Like his dad, Bobby loved to fish, but he didn’t like to hold his catch. The fish felt too slimy. So when Bobby snagged one, his father would take it off the hook.
“I’m going to be lost,” Phillip Sherman said. “Losing his Mama wasn’t nothing. She left me someone.”
A couple of weeks ago, one of Bobby’s doctors at Duke Children’s Hospital and Health Center in Durham told Phillip Sherman to take some time off work so he could be there for Bobby. He didn’t hesitate.
“That was my friend. I never call him my son,” he said. “That was my friend.”
Last week, Phillip Sherman’s eyes started to moisten as he stood on the front porch of his weathered double-wide mobile home. Inside, Bobby lay on a sofa, an arm draped over his head and a blanket spread over his thinning body.
He had been on oxygen for a couple of weeks, and he was taking morphine for the pain.
“How’s my breathing?” Bobby asked his father before Phillip Sherman stepped outside the door.
Bobby lay stiffly on the sofa, the television flickering in front of him. A glimpse of Bobby’s face indicated he was afraid.
“He ain’t scared to die,” his father said. “He’s scared to leave me.”
Bobby’s struggle to survive came in darkness.
When Bobby was 2, surgeons at Duke University removed the second of his baby-blue eyes, the same color as his mother’s.
Bobby had tumors — medically known as trilateral retinoblastoma — in both eyes, in his brain stem and in his right arm.
He underwent chemotherapy and radiation treatment at Duke, a grueling regimen for anyone. An almost unspeakable ordeal for a child.

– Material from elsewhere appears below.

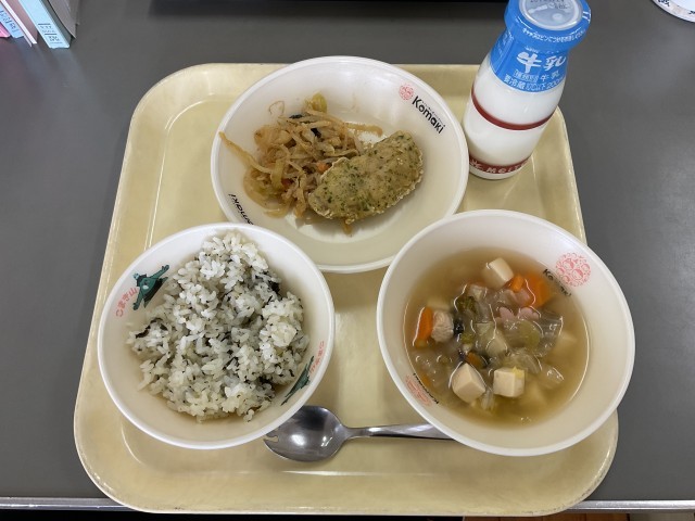 わかめごはん 牛乳 春のすまし汁 あじの磯辺天ぷら 千草あえ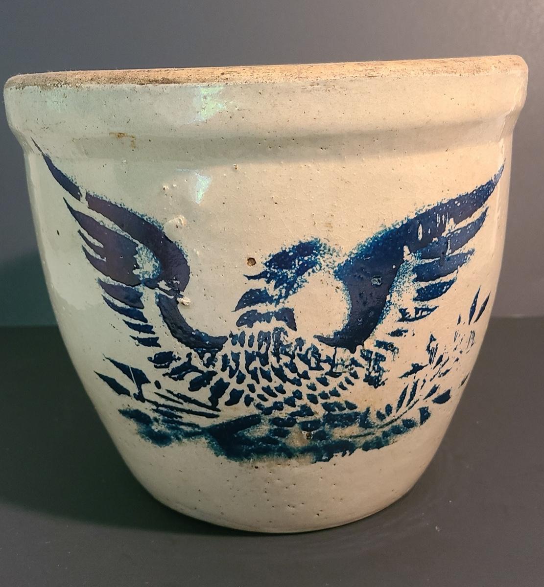 Lot 96: Stoneware Crocks, Eagle Cobalt Design/ Mug Handled

He would remain a cancer patient the rest of his life.
In all, Phillip Sherman estimates that Bobby underwent 36 surgeries. For the first 12 years of his life, he needed blood transfusions. So much radiation was used to kill the brain tumors, his father once said, that it stunted his growth.
Later in life, Bobby discovered that he was diabetic.
“Medically fragile,” Phillip Sherman called his son.
Bobby was never expected to live long. When doctors first found the tumors, they told his mother, Sissy Bowden, to take him home and enjoy the time she had left with him. He probably had less than a year to live, she was told.
“He’s inspiring,” said Jean Bowden, his aunt. “He’s been through so much. His whole life has been touches of sadness, and Bobby knows that. I guess that’s how he has faced everything.”
The boy never cried when his mother died at 37 of ovarian cancer. He was 14.
And no tears were shed after his doctor, Philip Rosoff at Duke’s Children’s Hospital, told Bobby he had something he needed to talk to him about.
“And Bobby said, ‘Before you talk to me, Dr. Rosoff, can I ask you a question?’ And Dr. Rosoff said, ‘Yes, Bobby, you can ask me any question,’” Phillip Sherman said.
“Am I going to die?”
“And Dr. Rosoff said, ‘Bobby, I’ll never give up on you, but, yes. You’re going to die.’ You know, he ain’t shed no tear yet.”
In the last year, after earning his high school degree, Bobby mostly stayed home while his father went to work at Competition Automotive Service in Spring Lake. Bobby cooked for himself. Showered. Dressed himself. When he felt like it, he rode his bicycle around the neighborhood or played video games. Bobby loved the fighting games, and he was good at them.
Blindness never stopped Bobby from independence.
It was the only way he ever knew in a life that ended too soon.
“All I did,” Phillip Sherman said, “was drive him around to the store or to Fun Fun Fun or get him something to eat and be his friend.”
Bobby is being cremated. A memorial service is scheduled for 7 p.m. Thursday at Friendship Baptist Church in Hope Mills.
On Aug. 13, Jean Bowden had one of her last opportunities to spend some “Aunt Jean and Bobby time.”
That was when she presented him the picture of Carrie Underwood. Bobby smiled after he told her it was beautiful.
“That was all I needed,” she said. “My job was to make him smile.”
He set the framed picture of the singer beside the television. Though it might not make sense to some, Bobby kept it there so he could see it.